Data section >>
/---

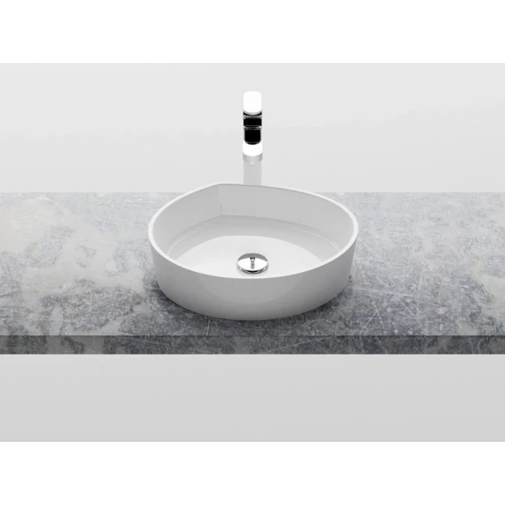 Авторский умывальник изготовленный из литого мрамора, дизайн которого основан на элементарной геометрической форме круга. Неправильная форма умывальника придает ванной комнате оригинальности. Округлые линии умывальника Moon идеально сбалансируют в ванной комнате элементы прямоугольной формы, такие как плитка душевого уголка или мебель. Подходит для установки на столешницу.
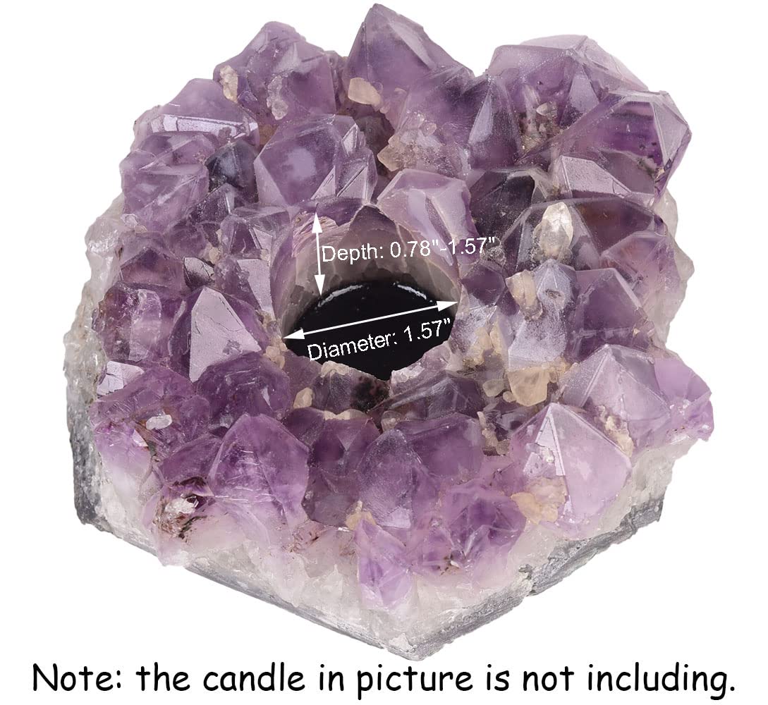 - ❥❥Size – This amethyst candle holder average width is 5.5″, average lengh is 4″, average height is 2.7″ ; Opening is 0.78-1.57″ in deep, 1.57″ in diameter. Irregular shape amethyst candle holder. (Candles not included)
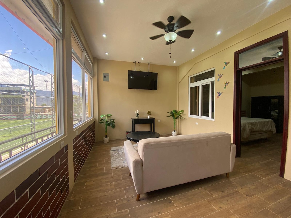 Gyönyörű, modern és tágas társalgó egy privát családi társasházban (La Perla), 5 percre a Retalhuleu IRTRA parkjaitól. Ideális a családdal való utazáshoz. - A gyerekek imádják a medencénket. Belső parkolás 2 jármű számára, további 2 járművel az utcán. Wifi, kábel- és mosási szolgáltatás (mosógép és szárítógép). Meleg víz a zuhanyzóban. A lakóépület parkokkal és zöldterületekkel rendelkezik.
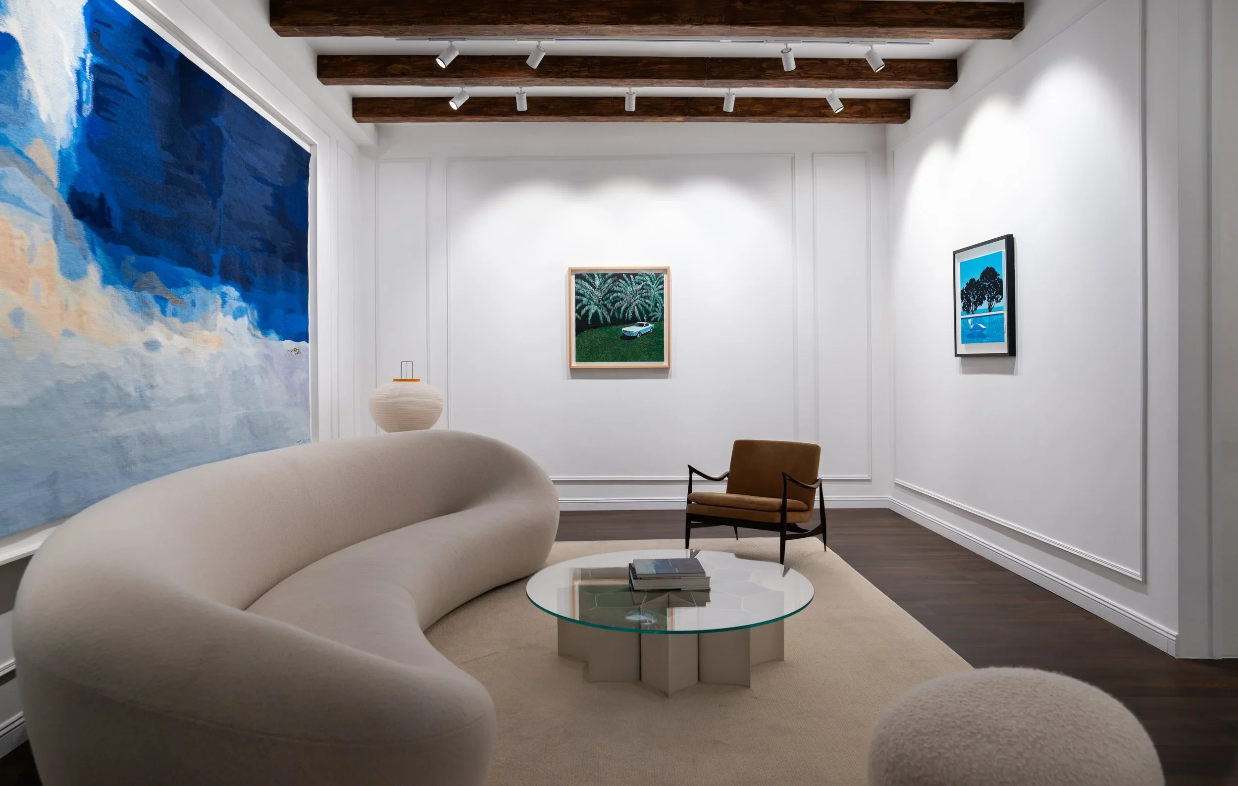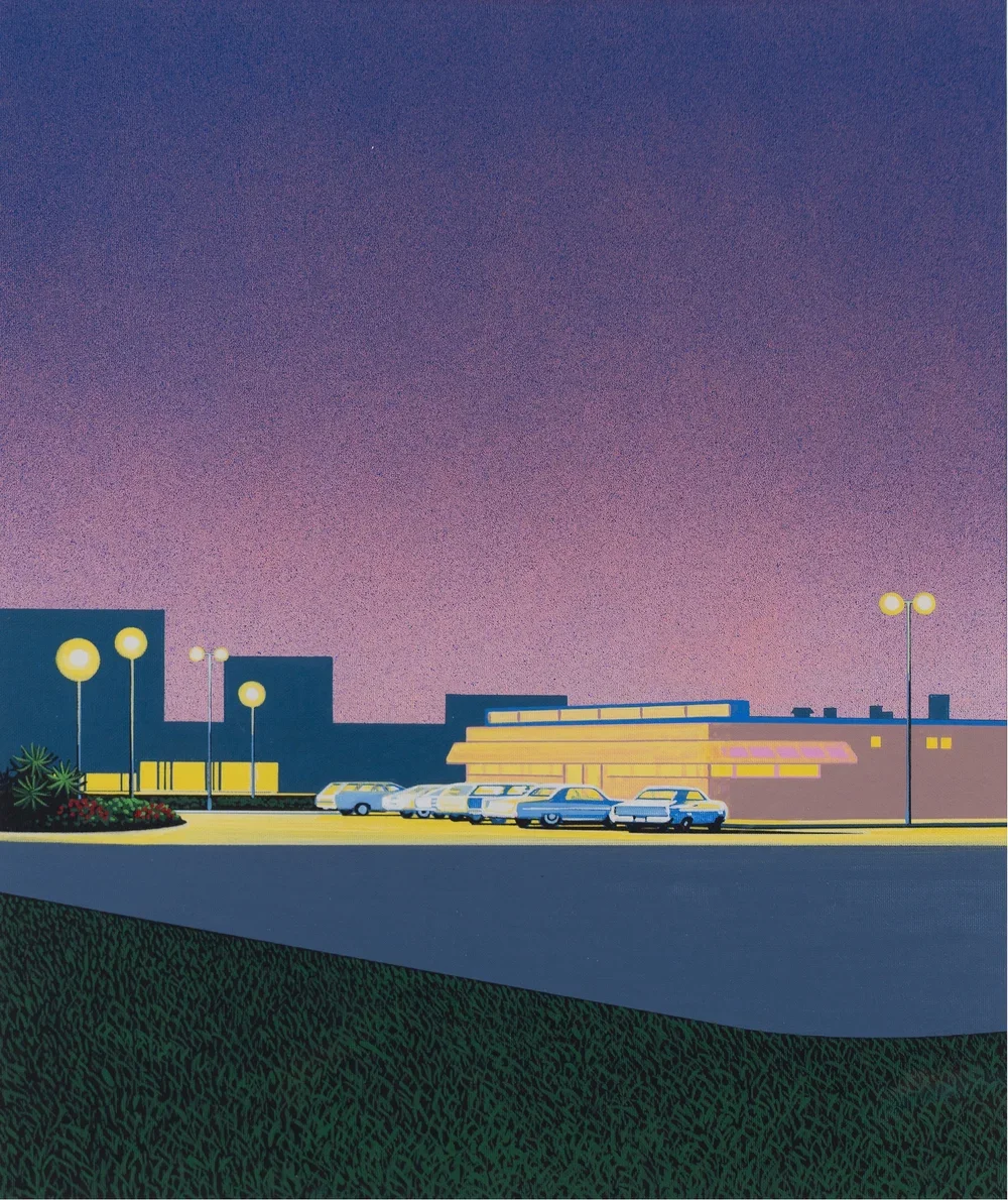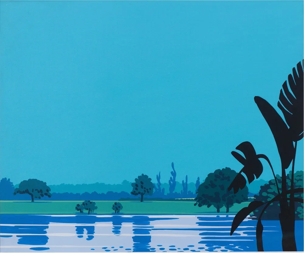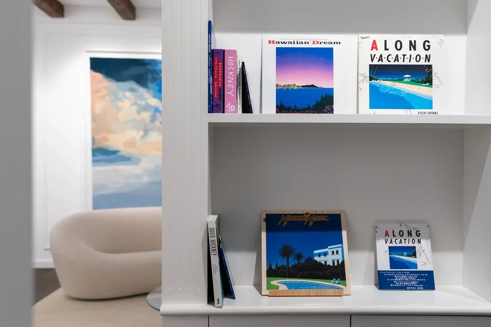 在这一语境下,Hiroshi Nagai 永井博 笔下的明亮天空与宁静海岸捕捉了夏日的细腻感知——一个永恒的瞬间,唤起宁静悠然与恬淡平和,同时展现出在不断变化中蕴含的静穆坚韧。抵达加州时,艺术家发现“棕榈树、蓝天,以及光影中映照的绿意”等景象,这些景象进一步丰富了他对这些地方的情感记忆。观众在观赏作品时,仿佛透过怀旧的镜头,感受那些从未真实存在过的场景。作品让人感到熟悉,又无法归于现实的某处,如同悬浮在记忆与想象之间的朦胧境地。

\---

The task >> Give back all of the material exactly, though without the images it contains.

Solution to the problem >>
 Авторский умывальник изготовленный из литого мрамора, дизайн которого основан на элементарной геометрической форме круга. Неправильная форма умывальника придает ванной комнате оригинальности. Округлые линии умывальника Moon идеально сбалансируют в ванной комнате элементы прямоугольной формы, такие как плитка душевого уголка или мебель. Подходит для установки на столешницу.
 - ❥❥Size – This amethyst candle holder average width is 5.5″, average lengh is 4″, average height is 2.7″ ; Opening is 0.78-1.57″ in deep, 1.57″ in diameter. Irregular shape amethyst candle holder. (Candles not included)
 Gyönyörű, modern és tágas társalgó egy privát családi társasházban (La Perla), 5 percre a Retalhuleu IRTRA parkjaitól. Ideális a családdal való utazáshoz. - A gyerekek imádják a medencénket. Belső parkolás 2 jármű számára, további 2 járművel az utcán. Wifi, kábel- és mosási szolgáltatás (mosógép és szárítógép). Meleg víz a zuhanyzóban. A lakóépület parkokkal és zöldterületekkel rendelkezik.
 在这一语境下,Hiroshi Nagai 永井博 笔下的明亮天空与宁静海岸捕捉了夏日的细腻感知——一个永恒的瞬间,唤起宁静悠然与恬淡平和,同时展现出在不断变化中蕴含的静穆坚韧。抵达加州时,艺术家发现“棕榈树、蓝天,以及光影中映照的绿意”等景象,这些景象进一步丰富了他对这些地方的情感记忆。观众在观赏作品时,仿佛透过怀旧的镜头,感受那些从未真实存在过的场景。作品让人感到熟悉,又无法归于现实的某处,如同悬浮在记忆与想象之间的朦胧境地。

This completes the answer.